I worked on finding ways around fingerprinting at a previous job. The problem is that sites go out of their way to hide fingerprinting like performing it in an arbitrary redirect and then never do it again or only after using the site for a bit, and prefer doing it before an important operation like making a payment.




Did you find any realistic way person can prevent being fingerprint? most idea i have seen, like a tor browsing, is focusing on changing fingerprint and not so much on making fingerprint non-unique. But it always are easy for to connect change fingerprint to former fingerprint, so what we are really need is blending in with same fingerprint as other persons.

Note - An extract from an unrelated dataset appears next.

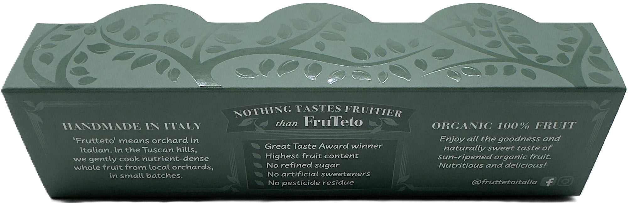 Notify Me When AvailableLooking for a stocking filler without the festive sugar overload? Handmade in Tuscany, this attractive gift set features three Great Taste Award-winning 100% fruit spreads: Apricot, Strawberry and Blueberry. An ideal gift for health-conscious food lovers, or anyone who enjoys adding a little sunshine to their breakfast table, even in winter.‘Frutteto’ means orchard in Italian. It’s in the Tuscan hills that these organic spreads are cooked gently at low temperatures, in small batches, using sun-ripened whole fruit. There’s no refined sugar, no artificial sweeteners, just the natural sweetness of real fruit.Thanks to their uniquely high whole fruit content, they’re the only fruit spreads to provide a natural source of fibre.All fruit used is certified organic and rigorously tested to ensure it’s free from PFAS, pesticide, and chemical residues.A festive, feel-good gift. Perfect for toast, porridge, cheese boards, or simply spreading a little joy.

I don't know how it can be fully prevented other than disabling javascript, but in my opinion firefox with "privacy.resistFingerprinting" is a good start, though you'll still stand out because few people are using it.

I've seen a script that performed two canvas fingerprints - a complex, and a simpler one. The latter being so simple always returned the same value regardless of the browser, so it was there to see if you have altered the canvas value. That's why changing your fingerprint might still leave you trackable.


> most idea i have seen, like a tor browsing, is focusing on changing fingerprint and not so much on making fingerprint non-unique.

Not sure if I exactly understand what you're trying to say here, but the Tor Browser itself certainly focuses on making its users' fingerprints identical. At least it's the only browser I know of that passes fingerprint tests (Panopticlick and friends) with JavaScript enabled.